_ASSIGNMENT_
What you return should be the lines from the one with "Torrid Dress Womens" through the one with "Tapón antipolvo con diseño" in the data below, reproduced exactly with both ends, and no pictures at all.

_DATA FOR ANALYSIS_
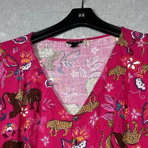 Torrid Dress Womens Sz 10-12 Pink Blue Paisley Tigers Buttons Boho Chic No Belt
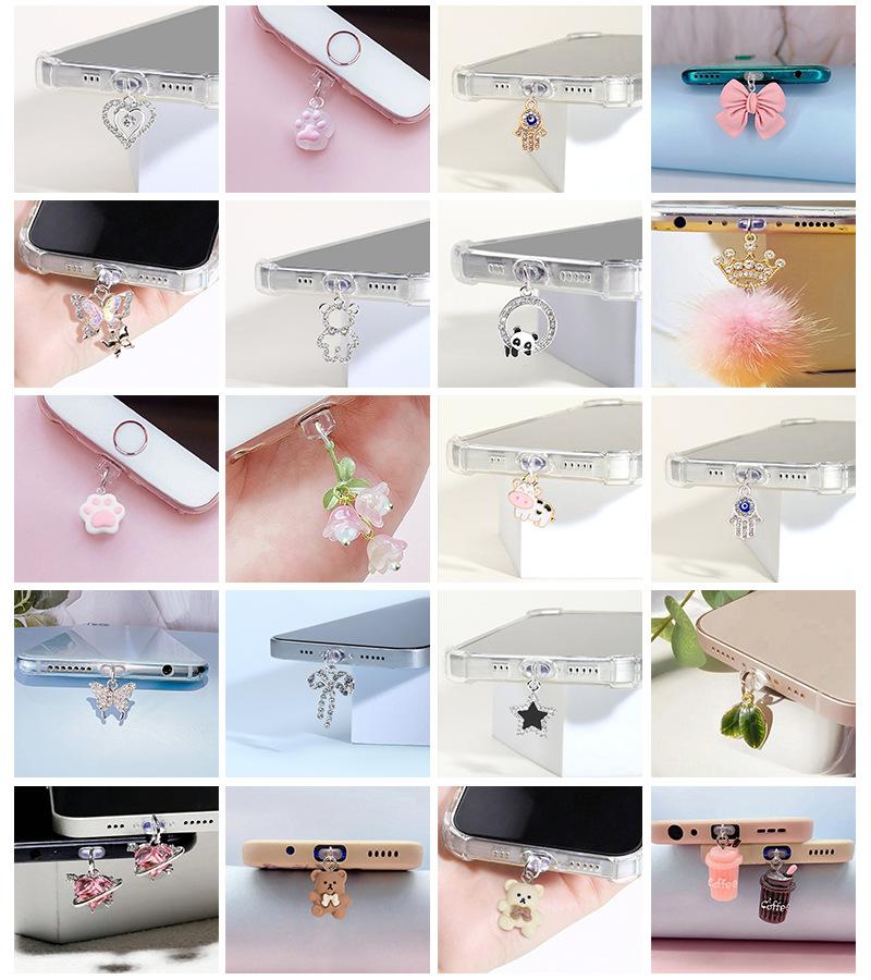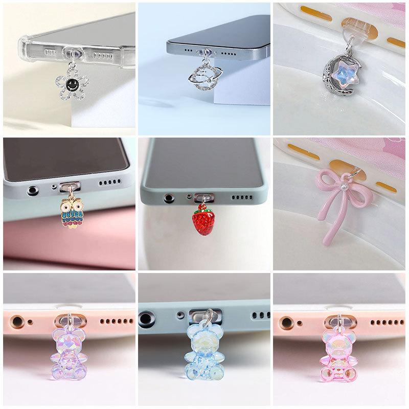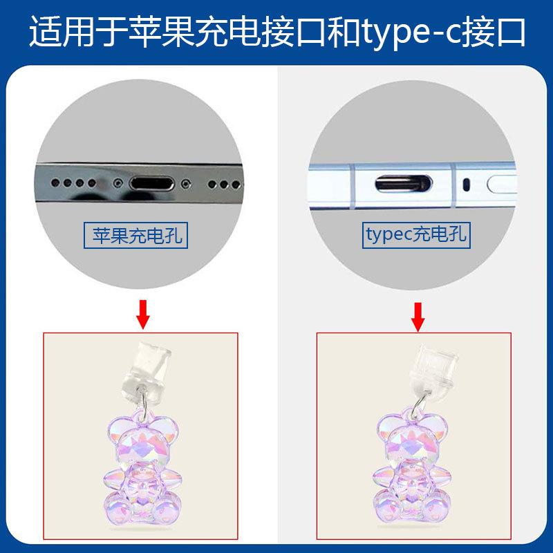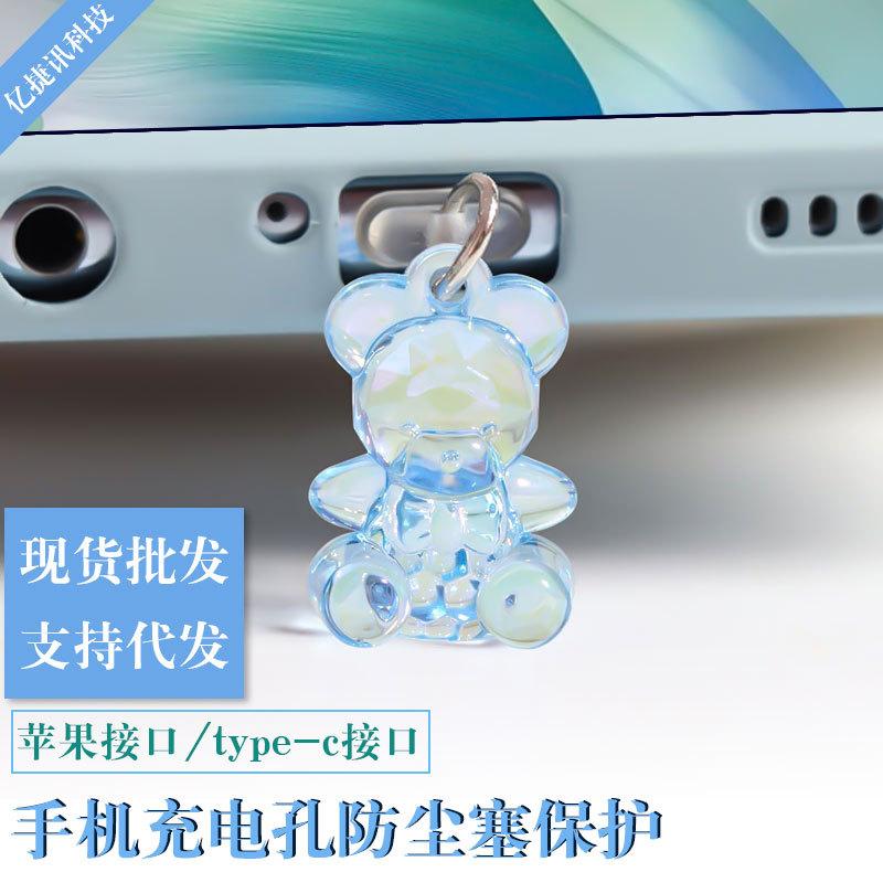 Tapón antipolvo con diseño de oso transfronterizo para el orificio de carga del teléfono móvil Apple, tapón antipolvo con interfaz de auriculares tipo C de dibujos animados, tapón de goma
==
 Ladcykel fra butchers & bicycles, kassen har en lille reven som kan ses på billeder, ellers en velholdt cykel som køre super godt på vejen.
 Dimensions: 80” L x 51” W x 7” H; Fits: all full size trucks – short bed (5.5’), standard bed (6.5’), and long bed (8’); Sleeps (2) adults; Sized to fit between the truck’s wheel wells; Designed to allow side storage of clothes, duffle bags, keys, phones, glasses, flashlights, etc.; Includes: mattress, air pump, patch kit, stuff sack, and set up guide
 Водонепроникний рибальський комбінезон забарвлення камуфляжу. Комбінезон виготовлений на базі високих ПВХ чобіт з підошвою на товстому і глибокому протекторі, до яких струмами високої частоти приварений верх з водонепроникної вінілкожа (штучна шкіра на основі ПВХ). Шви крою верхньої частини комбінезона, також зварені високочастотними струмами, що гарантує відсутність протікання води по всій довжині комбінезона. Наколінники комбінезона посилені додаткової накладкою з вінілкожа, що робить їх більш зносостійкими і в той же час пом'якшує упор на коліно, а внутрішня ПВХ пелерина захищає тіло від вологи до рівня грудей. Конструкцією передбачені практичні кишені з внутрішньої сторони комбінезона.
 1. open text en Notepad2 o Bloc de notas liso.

_RESPONSE TO THE EXERCISE_
 Torrid Dress Womens Sz 10-12 Pink Blue Paisley Tigers Buttons Boho Chic No Belt
 Tapón antipolvo con diseño de oso transfronterizo para el orificio de carga del teléfono móvil Apple, tapón antipolvo con interfaz de auriculares tipo C de dibujos animados, tapón de goma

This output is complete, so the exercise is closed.